• Exercise data:
* * * * * * * * *
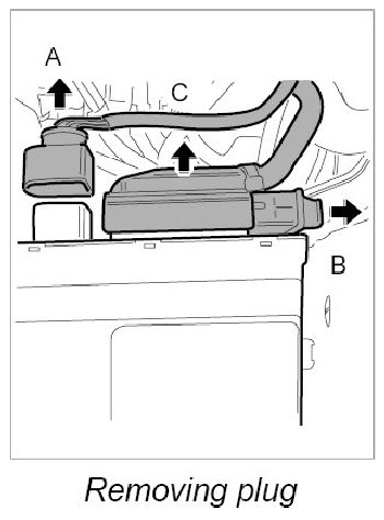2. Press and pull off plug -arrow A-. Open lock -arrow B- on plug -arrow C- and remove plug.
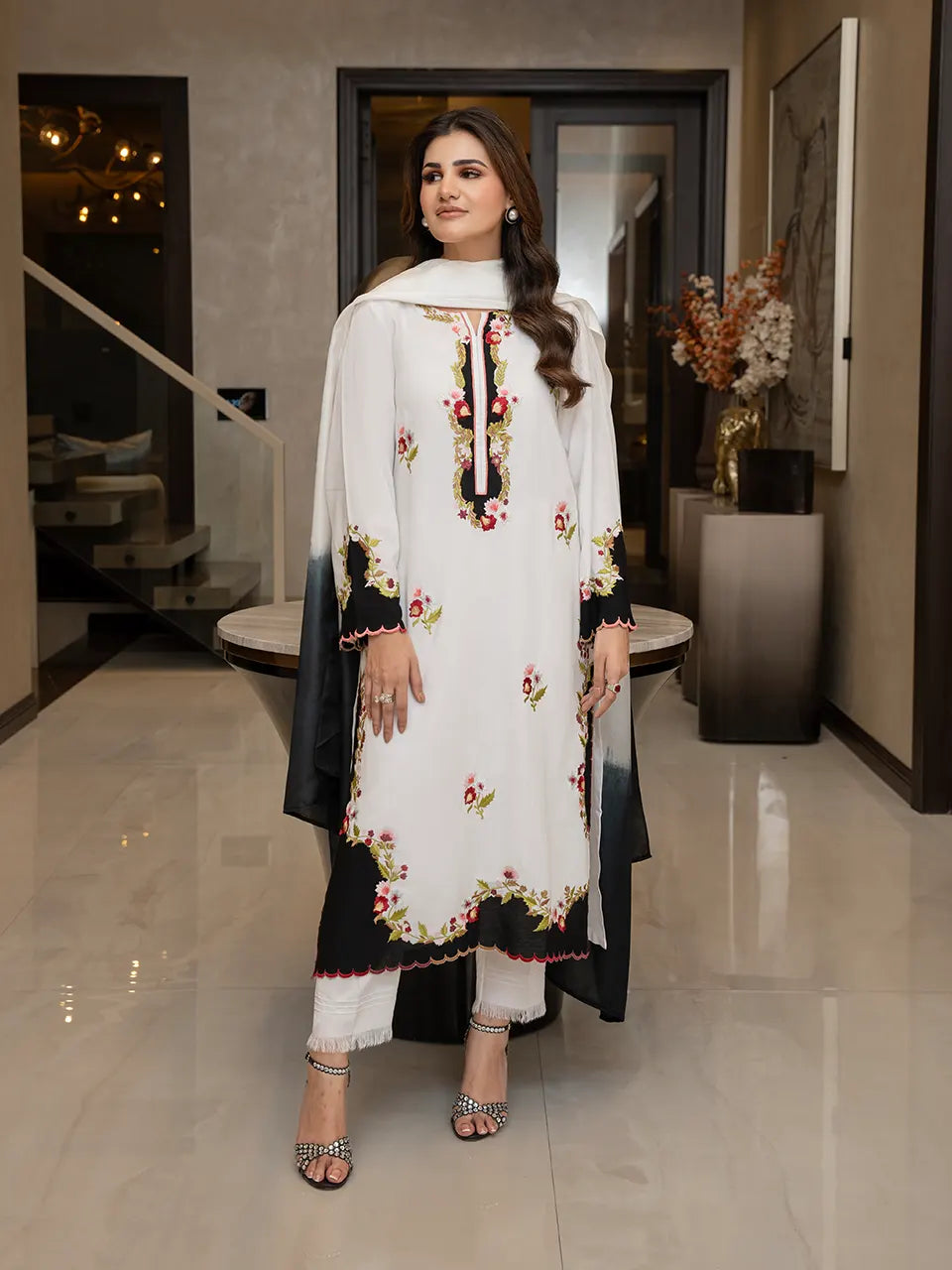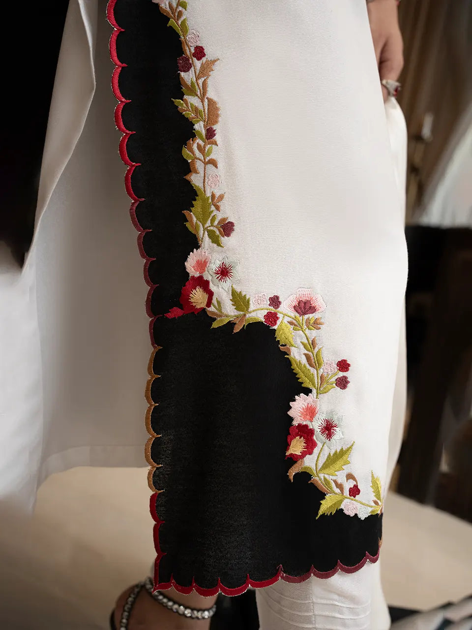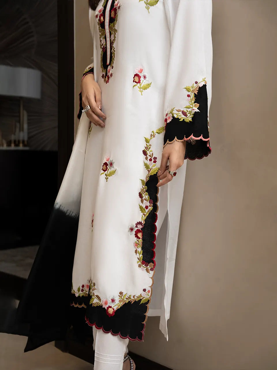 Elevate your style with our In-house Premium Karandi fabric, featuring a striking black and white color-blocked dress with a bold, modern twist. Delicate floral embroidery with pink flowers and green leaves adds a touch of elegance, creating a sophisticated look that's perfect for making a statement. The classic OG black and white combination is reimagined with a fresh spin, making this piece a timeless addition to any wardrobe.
* * * * * * * * *
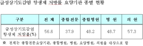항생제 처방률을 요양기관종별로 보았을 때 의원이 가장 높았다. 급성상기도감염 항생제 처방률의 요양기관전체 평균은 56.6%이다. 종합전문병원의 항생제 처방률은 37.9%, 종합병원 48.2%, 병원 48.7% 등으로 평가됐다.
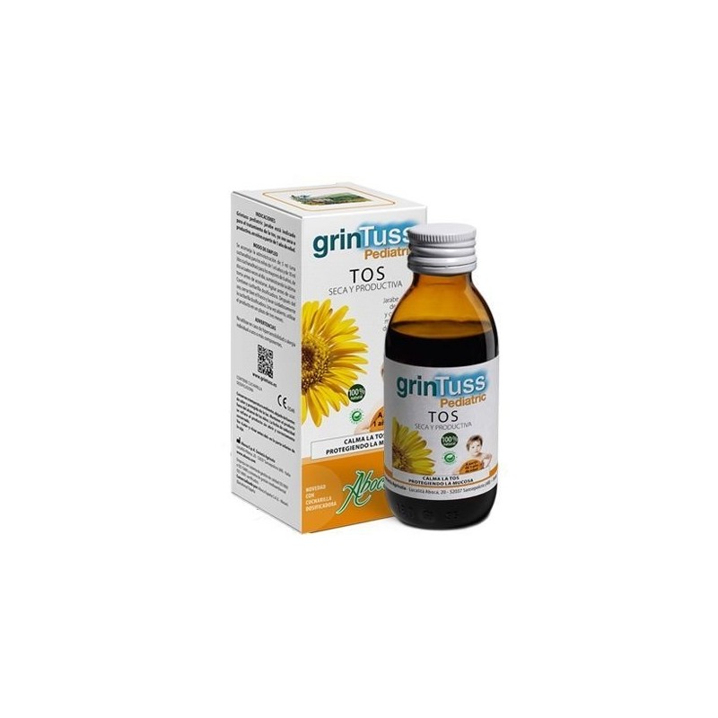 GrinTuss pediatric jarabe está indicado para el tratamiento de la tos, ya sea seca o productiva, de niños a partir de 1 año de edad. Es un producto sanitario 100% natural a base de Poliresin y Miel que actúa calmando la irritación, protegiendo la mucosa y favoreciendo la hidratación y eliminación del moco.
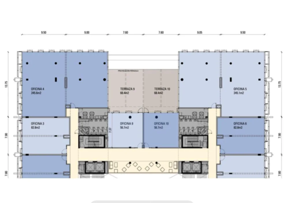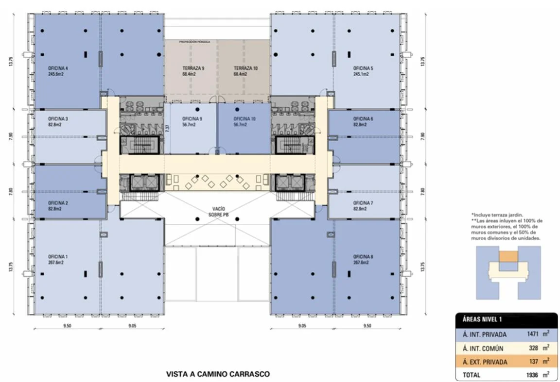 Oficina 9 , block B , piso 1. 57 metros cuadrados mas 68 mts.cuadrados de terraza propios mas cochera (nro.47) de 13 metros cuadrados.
* * * * * * * * *
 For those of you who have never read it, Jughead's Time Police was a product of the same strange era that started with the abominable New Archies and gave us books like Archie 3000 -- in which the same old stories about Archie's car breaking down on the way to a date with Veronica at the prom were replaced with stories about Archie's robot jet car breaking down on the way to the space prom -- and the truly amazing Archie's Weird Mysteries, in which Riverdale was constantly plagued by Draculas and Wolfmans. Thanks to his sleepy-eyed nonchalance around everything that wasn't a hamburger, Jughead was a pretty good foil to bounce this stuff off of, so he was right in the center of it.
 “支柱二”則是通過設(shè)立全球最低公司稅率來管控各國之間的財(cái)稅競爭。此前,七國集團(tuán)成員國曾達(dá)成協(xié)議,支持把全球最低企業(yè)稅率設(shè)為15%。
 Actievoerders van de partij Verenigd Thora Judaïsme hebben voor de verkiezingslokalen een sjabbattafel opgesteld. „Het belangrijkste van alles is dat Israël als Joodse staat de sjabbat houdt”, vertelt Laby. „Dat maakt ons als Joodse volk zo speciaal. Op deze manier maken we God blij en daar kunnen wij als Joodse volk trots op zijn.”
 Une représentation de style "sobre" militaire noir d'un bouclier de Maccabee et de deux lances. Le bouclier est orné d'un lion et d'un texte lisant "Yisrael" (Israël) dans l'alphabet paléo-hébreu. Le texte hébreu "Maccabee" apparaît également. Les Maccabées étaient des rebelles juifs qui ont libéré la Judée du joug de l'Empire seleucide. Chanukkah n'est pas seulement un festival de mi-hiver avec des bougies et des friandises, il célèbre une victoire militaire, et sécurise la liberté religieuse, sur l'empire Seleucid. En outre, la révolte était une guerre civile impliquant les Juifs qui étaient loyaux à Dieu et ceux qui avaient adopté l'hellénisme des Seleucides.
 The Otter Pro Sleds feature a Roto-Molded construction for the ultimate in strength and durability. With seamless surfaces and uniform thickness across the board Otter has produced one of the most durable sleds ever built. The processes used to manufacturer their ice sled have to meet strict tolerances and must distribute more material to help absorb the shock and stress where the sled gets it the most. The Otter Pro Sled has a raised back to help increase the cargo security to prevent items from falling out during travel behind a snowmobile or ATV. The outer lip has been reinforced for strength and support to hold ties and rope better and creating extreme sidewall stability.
* * * * * * * * *
• Aim of the task:
The reply should hold exactly the lines above, starting at the line with "GrinTuss pediatric jarabe" and ending at the line with "Oficina 9 , block", and no pictures.

• Answer below:
 GrinTuss pediatric jarabe está indicado para el tratamiento de la tos, ya sea seca o productiva, de niños a partir de 1 año de edad. Es un producto sanitario 100% natural a base de Poliresin y Miel que actúa calmando la irritación, protegiendo la mucosa y favoreciendo la hidratación y eliminación del moco.
 Oficina 9 , block B , piso 1. 57 metros cuadrados mas 68 mts.cuadrados de terraza propios mas cochera (nro.47) de 13 metros cuadrados.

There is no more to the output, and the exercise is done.